Radical prostatectomy (RP) is the most common curative approach offered to men with newly diagnosed prostate cancer. Unfortunately, up to half of these patients will have factors placing them at high risk of their cancer recurring. Having radiotherapy after RP is known to improve cure rates, but what is not known is whether it should be given straight after the operation or only when there is a rising PSA after surgery indicating active cancer. Immediate RT may not benefit all men, and can cause serious side effects such as bladder and bowel problems and impotence. International lack of consensus on the optimal timing of RT has resulted in varied clinical practice. This phase 3 trial will compare the two approaches.

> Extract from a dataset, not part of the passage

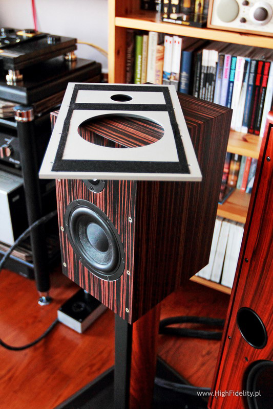 Jeszcze raz: brzmienie B10 można określić jako kremowe. Trudno jest wskazać pojedynczą przyczynę takiego stanu rzeczy, to raczej wiele różnych elementów, które połączone ze sobą dały taki, a nie inny dźwięk. Na pewno częścią tego jest lekkie wycofanie wysokich tonów. Kolumny studyjne zwykle niemiłosiernie tną po uszach, są zbyt ostre, a przy tym „cienkie”. Tutaj miałem bogate brzmienie, głębokie i pełne (cały czas mówię o wysokich tonach), bardzo plastyczne. Jednak bez dokładnej definicji uderzeń, wagi, wielkości. Podsumowanie Nic nie mówiłem do tej pory o scenie dźwiękowej. I miałem ku temu powód. To element, na który w studiach nagraniowych zwraca się najmniej uwagi, pracując zwykle na źródłach monofonicznych, rozkładanych w panoramie przez realizatora i umieszczanych w konkretnym miejscu przestrzeni za pomocą efektów. Nie mówię, że kolumny Burmestera nie mają sceny. W ich przypadku dźwięk ma jednak szczególną cechę, która odwraca naszą uwagę od aspektu przestrzennego: jego atak i wybrzmienie są wytłumione. Podstawowym budulcem dźwięku jest tu jędrne, pełne, dojrzałe wypełnienie. Z jednej strony daje to gładki, nienarzucający się dźwięk, pokazuje instrumenty w intymny sposób, a z drugiej upodabnia do siebie przestrzeń na poszczególnych płytach. Świetnie, że różnicuje temperaturę emocjonalną płyt, dając dźwięk bliżej lub dalej, to naprawdę cenna umiejętność, jednak powietrze między wykonawcami, za nimi, przed nimi – będzie raczej zubożone, zredukowane. BUDOWA Kolumny przeznaczone do studiów nagraniowych różnią się w niektórych szczegółach od ich domowych odpowiedników. Różnią się też między sobą. Można je grupować biorąc pod uwagę różnego rodzaju aspekty, jednak jednym z ważniejszych jest miejsce ich umiejscowienia względem realizatora. Jeśli są blisko niego, tuż nad stołem mikserskim, mówimy o monitorach bliskiego pola, jeśli są dalej, to monitory dalekiego pola. B10 to konstrukcja dwudrożna, z obudową typu bas-refleks, z jego wylotem na tylnej ściance. Głośnik niskotonowy to „custom”, wykonywany dla Burmestera. Ma średnicę fi 170 mm, membranę z plecionki włókna szklanego i płaski, szeroki resor z grubej gumy. Kosz jest niezwykle solidny.

Condition Intervention Phase
Prostate Cancer
Radiation: Adjuvant Radiotherapy
Radiation: Early Salvage Radiotherapy
Phase 3

Study Type: Interventional
Study Design: Allocation: Randomized
Endpoint Classification: Safety/Efficacy Study
Intervention Model: Parallel Assignment
Masking: Open Label
Primary Purpose: Treatment
Official Title: Radiotherapy - Adjuvant Versus Early Salvage. A Phase III Multi-centre Randomised Trial Comparing Adjuvant Radiotherapy (RT) With Early Salvage RT in Patients With Positive Margins or Extraprostatic Disease Following Radical Prostatectomy.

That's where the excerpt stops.